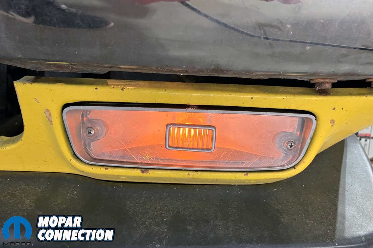 Above: At the front fenders, the amber marker lights were in bad shape. Again, we swapped in a pair of Classic Industries markers and LED bulbs.
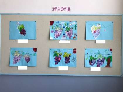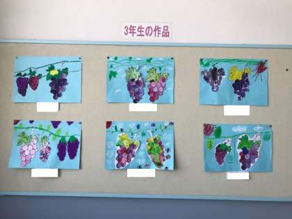 おいしそうなブドウが実っています。まるでぶどうがりに来たような3年生の作品です。1粒1粒色の濃淡を変えてブドウらしさを表現しています。
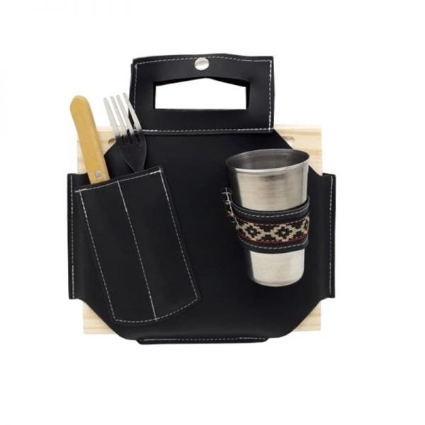 Set de asado cuadrado con cubiertos estuche y vaso de aluminio
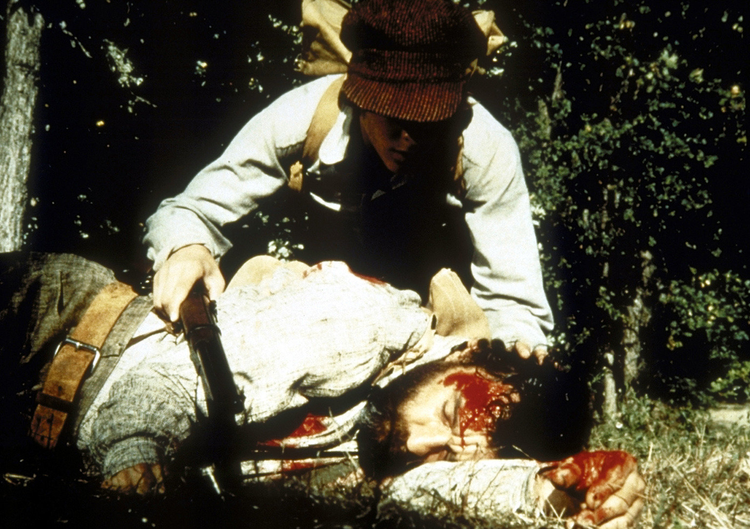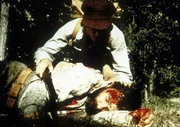 Das JagdgewehrNach dem Angriff eines Bären liegt Edwards (Victor French, liegend) schwer verletzt auf dem Boden. Er bittet John (Radames Pera), Hilfe zu holen.Bild: © ProSieben Media AG © Worldvision
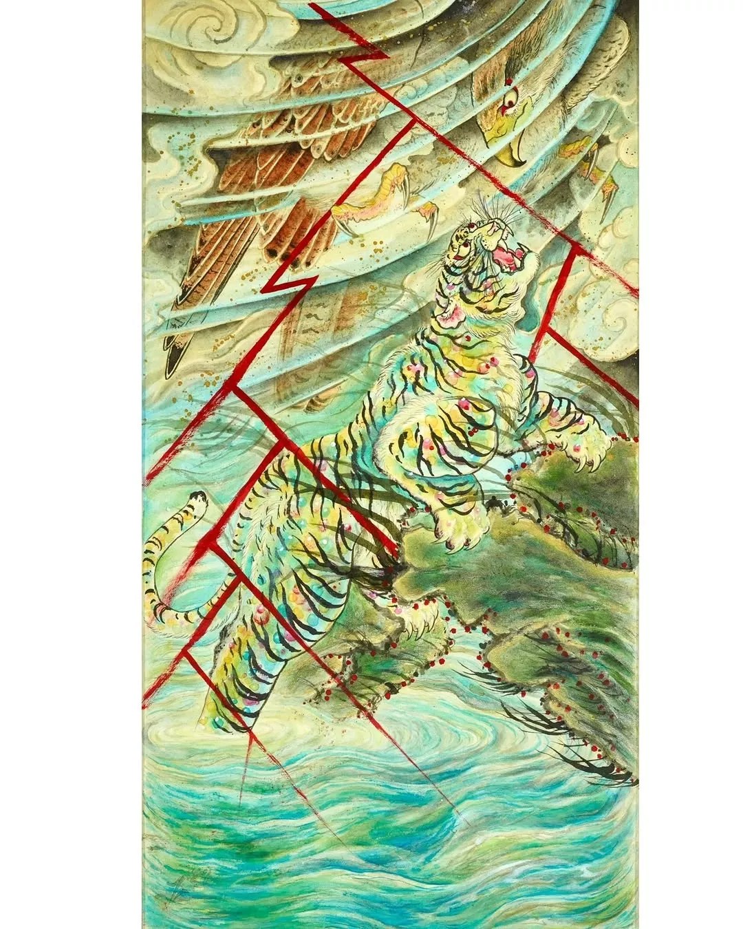 Between a tiger and a hawk is a bolt of lightning red as rage, electrifying the water.
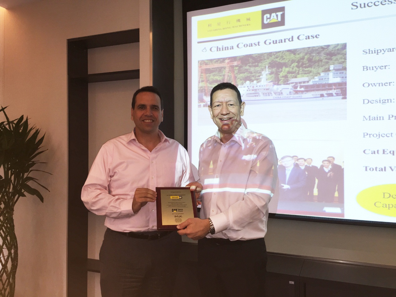 2015年5月26日,卡特彼勒船舶部董事總經(jīng)理Nigel Parkinson及亞太區(qū)銷(xiāo)售經(jīng)理陳耀明先生帶領(lǐng)其團(tuán)隊(duì)成員到訪利星行機(jī)械發(fā)動(dòng)機(jī)事業(yè)部。為了表彰利星行機(jī)械船機(jī)組在中國(guó)政府船市場(chǎng)中取得如此傲人的佳績(jī),Nigel Parkinson先生向利星行機(jī)械船機(jī)組銷(xiāo)售總經(jīng)理洪波先生頒發(fā)了榮譽(yù)獎(jiǎng)牌,并對(duì)該項(xiàng)目團(tuán)隊(duì)成員做出的貢獻(xiàn)與努力給予了高度的評(píng)價(jià)和肯定。
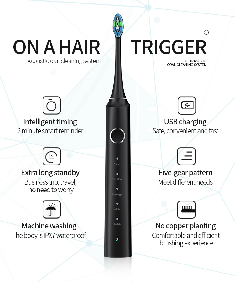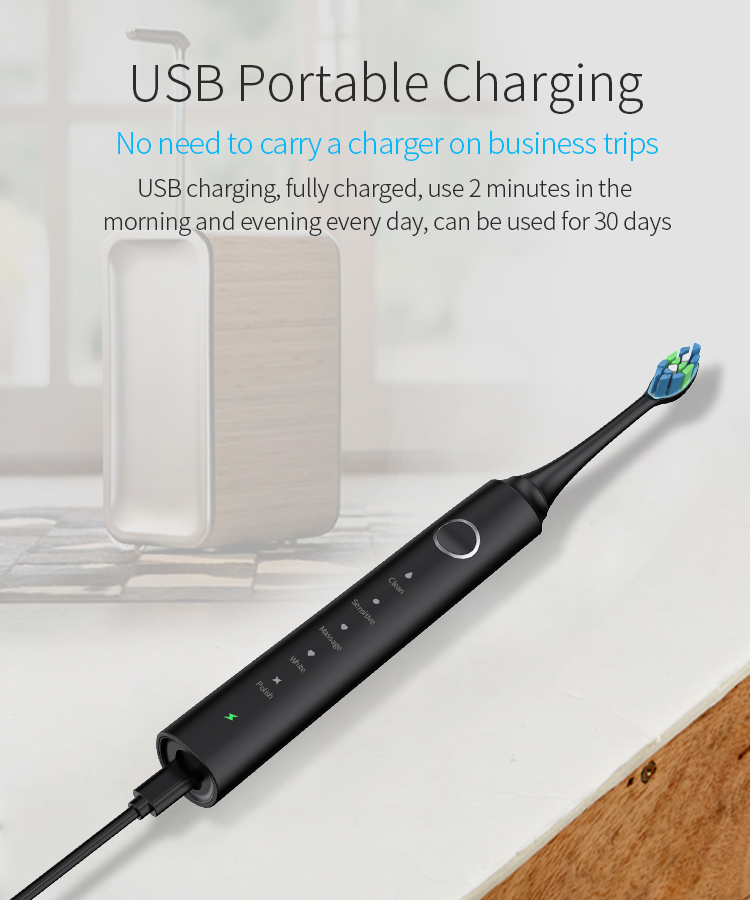 - 5 つの高性能ブラッシング モード - クリーン (弱)、ホワイト (強)、ポリッシュ (強反転周波数)、マイルド (弱反転周波数)、センシティブ (ソフト) の歯と歯茎のさまざまな状態に合わせて、好みや歯科医の推奨に応じてさまざまなモードを選択できます。
+ + + +
* [TASK DETAILS]: Every line above is to be returned exactly, with its pictures removed.

* [OUTPUT OF THE EXERCISE]:
 Above: At the front fenders, the amber marker lights were in bad shape. Again, we swapped in a pair of Classic Industries markers and LED bulbs.
 おいしそうなブドウが実っています。まるでぶどうがりに来たような3年生の作品です。1粒1粒色の濃淡を変えてブドウらしさを表現しています。
 Set de asado cuadrado con cubiertos estuche y vaso de aluminio
 Das JagdgewehrNach dem Angriff eines Bären liegt Edwards (Victor French, liegend) schwer verletzt auf dem Boden. Er bittet John (Radames Pera), Hilfe zu holen.Bild: © ProSieben Media AG © Worldvision
 Between a tiger and a hawk is a bolt of lightning red as rage, electrifying the water.
 2015年5月26日,卡特彼勒船舶部董事總經(jīng)理Nigel Parkinson及亞太區(qū)銷(xiāo)售經(jīng)理陳耀明先生帶領(lǐng)其團(tuán)隊(duì)成員到訪利星行機(jī)械發(fā)動(dòng)機(jī)事業(yè)部。為了表彰利星行機(jī)械船機(jī)組在中國(guó)政府船市場(chǎng)中取得如此傲人的佳績(jī),Nigel Parkinson先生向利星行機(jī)械船機(jī)組銷(xiāo)售總經(jīng)理洪波先生頒發(fā)了榮譽(yù)獎(jiǎng)牌,并對(duì)該項(xiàng)目團(tuán)隊(duì)成員做出的貢獻(xiàn)與努力給予了高度的評(píng)價(jià)和肯定。
 - 5 つの高性能ブラッシング モード - クリーン (弱)、ホワイト (強)、ポリッシュ (強反転周波数)、マイルド (弱反転周波数)、センシティブ (ソフト) の歯と歯茎のさまざまな状態に合わせて、好みや歯科医の推奨に応じてさまざまなモードを選択できます。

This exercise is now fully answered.